ABOUT THIS TASK – Print exactly the lines from the one that contains "추가 화면에서 아이폰" through the last line of the material, both included, and leave out all pictures.

GIVEN INFORMATION –
--- START ---

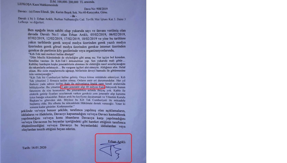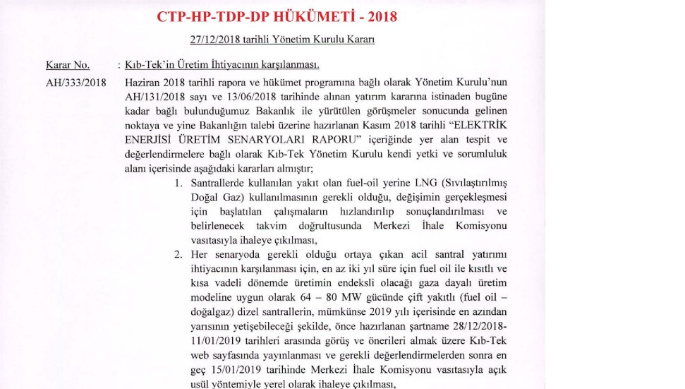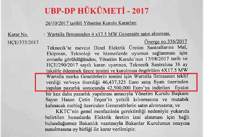 4 adet jenaratörün keşif bedeli; KDV dahil 50 Milyon Euro idi. O zamanki Kıb Tek yönetimi de bunun altına imza atmıştı."
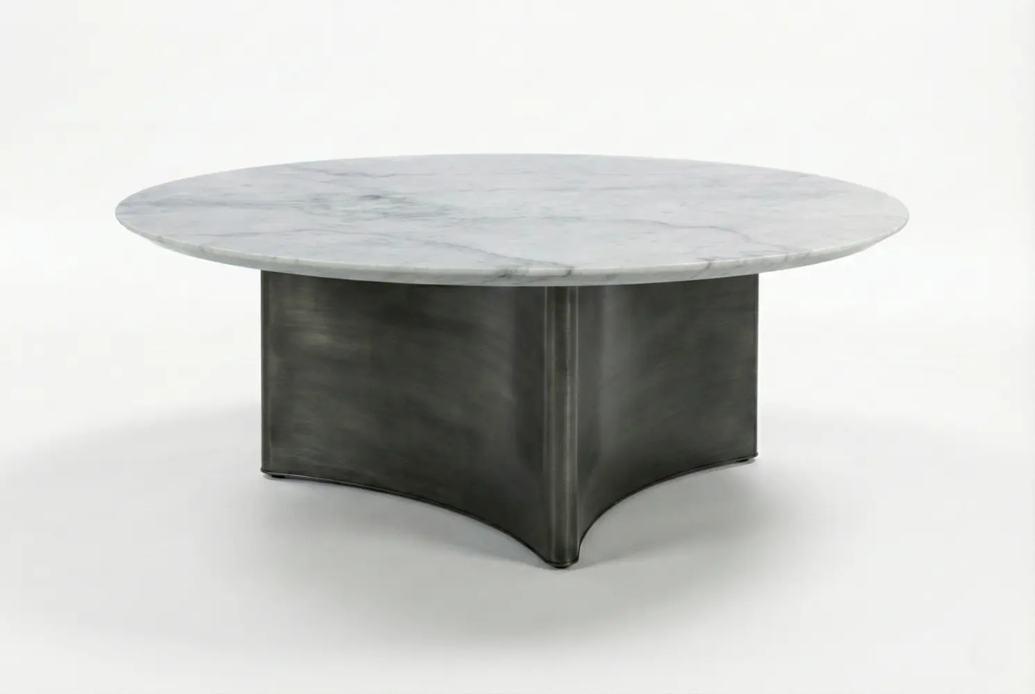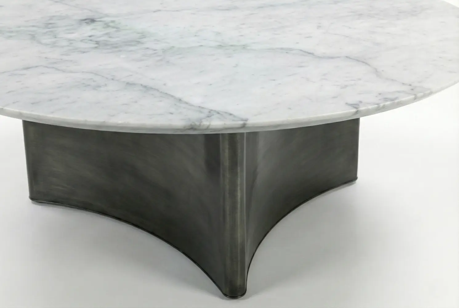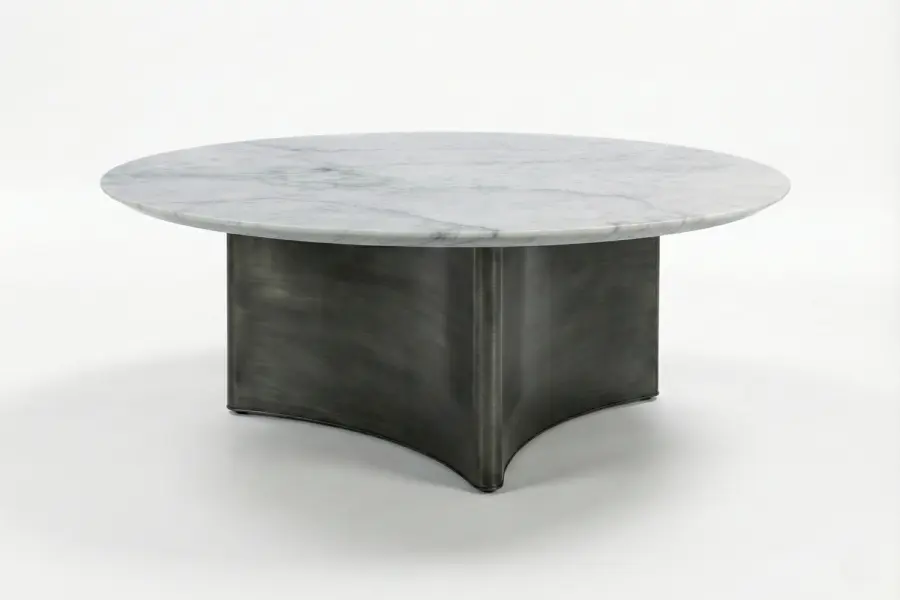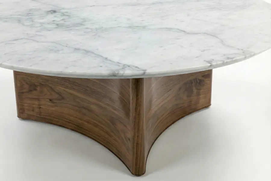 The Quadripoint Cocktail Table is a bespoke statement piece defined by sculptural elegance and architectural balance. A striking marble top with a refined reverse bevel edge creates a subtle floating effect, enhancing its visual lightness. Below, a dramatic four-point sweeping base provides both stability and bold design presence, with concave sides thoughtfully shaped to nest a round ottoman beneath.
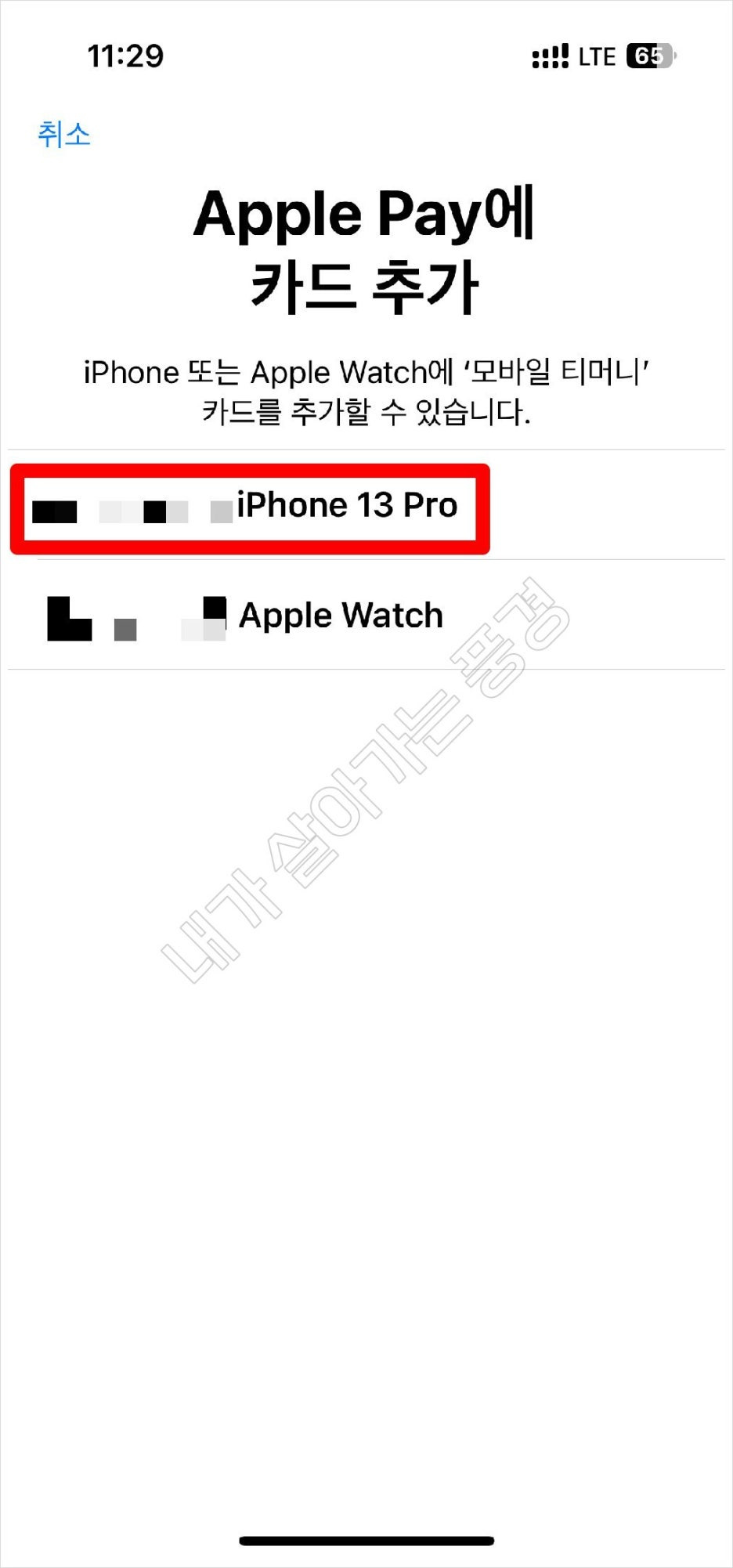 추가 화면에서 아이폰 또는 애플 워치를 선택한 후 [다음] 버튼을 클릭하면 알아서 애플 지갑에 추가됩니다.
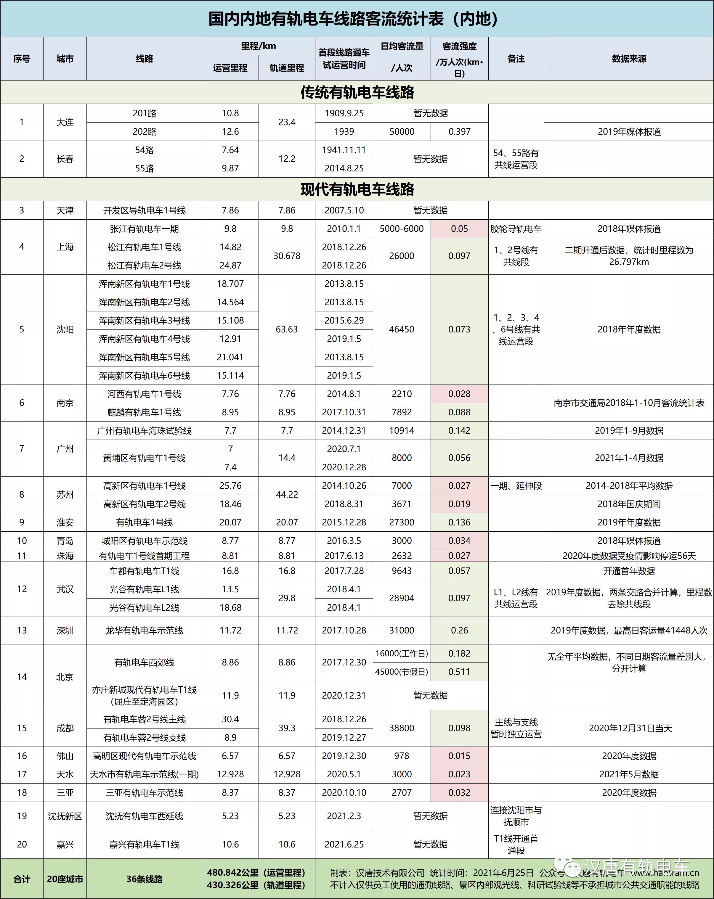 实际上,除了北京、上海、广州、成都、武汉等大城市,其他城市的单条有轨电车线路日均客流基本都小于1万人次。即使上述大城市的有轨电车线路,客流强度也较低。

--- END ---

YOUR SOLUTION –
 추가 화면에서 아이폰 또는 애플 워치를 선택한 후 [다음] 버튼을 클릭하면 알아서 애플 지갑에 추가됩니다.
 实际上,除了北京、上海、广州、成都、武汉等大城市,其他城市的单条有轨电车线路日均客流基本都小于1万人次。即使上述大城市的有轨电车线路,客流强度也较低。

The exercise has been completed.